As you can see, after suspension, the coroutine runs on the thread that resumed it, and after delay it runs on DefaultExecutor. This poor thread is only supposed to be used to schedule coroutines resuming, not to run their bodies. Above all, it is one for the whole application.

Consider this simplified controller:

@RestController
@RequestMapping
class PingController(){
    @GetMapping("/ping")
    suspend fun ping(): ResponseEntity<Map<String, Boolean>> {
        delay(1000)
        Thread.sleep(1000)
        return ResponseEntity(mapOf("success" to true), HttpStatus.OK)
    }
}

If you make 1000 requests, it should take at least 1001 seconds, as all sleeps will happen on DefaultExecutor (my experiments confirm that). That is no good. If we used Dispatchers.IO, it would need 1000 / 64 + 1 = 17 seconds (due to IO limit). Of course, in a real-life example we should have some db or network request instead of delay, and some processing instead of sleep, but the essential problem remains the same.

@RestController
@RequestMapping
class PingController(){
    @GetMapping("/ping")
    suspend fun ping(): ResponseEntity<Map<String, Boolean>> {
        val data = fetchData()
        complexProcessing(data)
        return ResponseEntity(mapOf("success" to true), HttpStatus.OK)
    }
}

Most suspending network clients optimize to use a minimal number of threads. In Ktor Client, for instance, most engines will use only one thread to resume coroutines, so delay is actually mimicking that pretty well. Consider the following example. On my computer, it takes 30 seconds with Dispatchers.Unconfined, but only 5 seconds if we used Dispatchers.Default instead:

suspend fun main() = measureTimeMillis { 
    withContext(Dispatchers.Unconfined) {
        repeat(1000) {
            launch {
                val data = fetchData()
                complexProcessing(data)
            }
        }
    }
}.let { println("Took $it") }

suspend fun fetchData(): Data {
    delay(1000)
    return Data()
}
class Data()

private val list = List(200_000) { it }.shuffled()
fun complexProcessing(data: Data) {
    list.map { it % 10_000 }.sorted()
}

So what dispatcher should be used? In theory, if we never block threads, Dispatchers.Default is the best option, but using it would be a wishful thinking. There are too many blocking APIs on backend, and Dispatchers.Default is not good if you have blocking calls. Dispatchers.IO is what is used by Ktor Server, and it would be a better option. Though it is not perfect, as it has one global limit of 64 threads. The danger is that Dispatchers.IO is used to wrap over blocking calls, and if one process needs to do a lot of blocking calls (consider a job that sends newsletter using blocking SendGrid API), then controller handlers might wait in queue for an available thread.
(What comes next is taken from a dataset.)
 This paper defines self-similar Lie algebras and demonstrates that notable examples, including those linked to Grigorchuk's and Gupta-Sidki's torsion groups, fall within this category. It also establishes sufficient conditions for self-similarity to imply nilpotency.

I believe the perfect option would be to use:

LOOM dispatcher if available and configured (Executors.newVirtualThreadPerTaskExecutor().asCoroutineDispatcher())
A dispatcher with an independent limit otherwise (it can be limited to 64 as well, but the point it so have an independent limit from Dispatchers.IO. In the current version on Kotlin Coroutines we create it with Dispatchers.IO.limitedParallelism(50), and in older versions the best we could do it making a dispatcher from a fixed pool of threads with (Executors.newFixedThreadPool(50).asCoroutineDispatcher()).

sdeleuze commented 4 weeks ago

Hey @MarcinMoskala, thanks for your feedback. I have asked Kotlin team feedback on this to be able to do an educated choice.
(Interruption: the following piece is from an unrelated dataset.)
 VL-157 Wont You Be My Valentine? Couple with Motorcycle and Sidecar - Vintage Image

dkhalanskyjb commented 4 weeks ago

The information in the post is accurate: Undispatched just runs the computations wherever they happen to be provided. I don't understand why one would call delay in a web server, but if this does happen on Dispatchers.Unconfined, then indeed, after the delay resumes, the thread responsible for all delays has to execute the code further.

Dispatchers.IO or Dispatchers.IO.limitedParallelism(howManyParallelBlockingTasksYouExpect) is a solid choice if you want to run many tasks in parallel and expect most of them to run blocking code. Regarding the limit of 64: it can be configured via a JVM system property (see https://kotlinlang.org/api/kotlinx.coroutines/kotlinx-coroutines-core/kotlinx.coroutines/-dispatchers/-i-o.html). Dispatchers.Default only creates as many threads as there are CPU cores, which would leave the system severely underutilized if blocking tasks are dispatched on it.

sdeleuze commented 4 weeks ago

I am pretty sure I discussed the usage of Dispatchers.Unconfined back in the days with the Kotlin team, Coroutines support in Spring is built on top of the Reactive stack where you are not supposed to use blocking code, so the spirit was that switching thread was not a requirement. That said, I was not aware that after delay() for example, coroutine runs on DefaultExecutor. Happy to refine if the Kotlin team agree with some proposals done in this issue (the Loom dispatcher looks like an appealing option).

MarcinMoskala commented 3 weeks ago

I have a sense, that the initial intention was to have a dispatcher like the one used by runBlocking, that is always using the thread that was used to start this coroutine. However, such a dispatcher is not appropriate, as it blocks this thread, which neglects the benefits of using coroutines in a backend application.

The perfect solution should:

Start coroutines in some dispatcher that effectively uses threads (like the dispatchers I listed in the original post)
Await completion of those coroutines in a non-blocking manner (I am not sure how it is right now, but if we block a thread waiting for completion of those coroutines, it would neglect the benefits of using coroutines).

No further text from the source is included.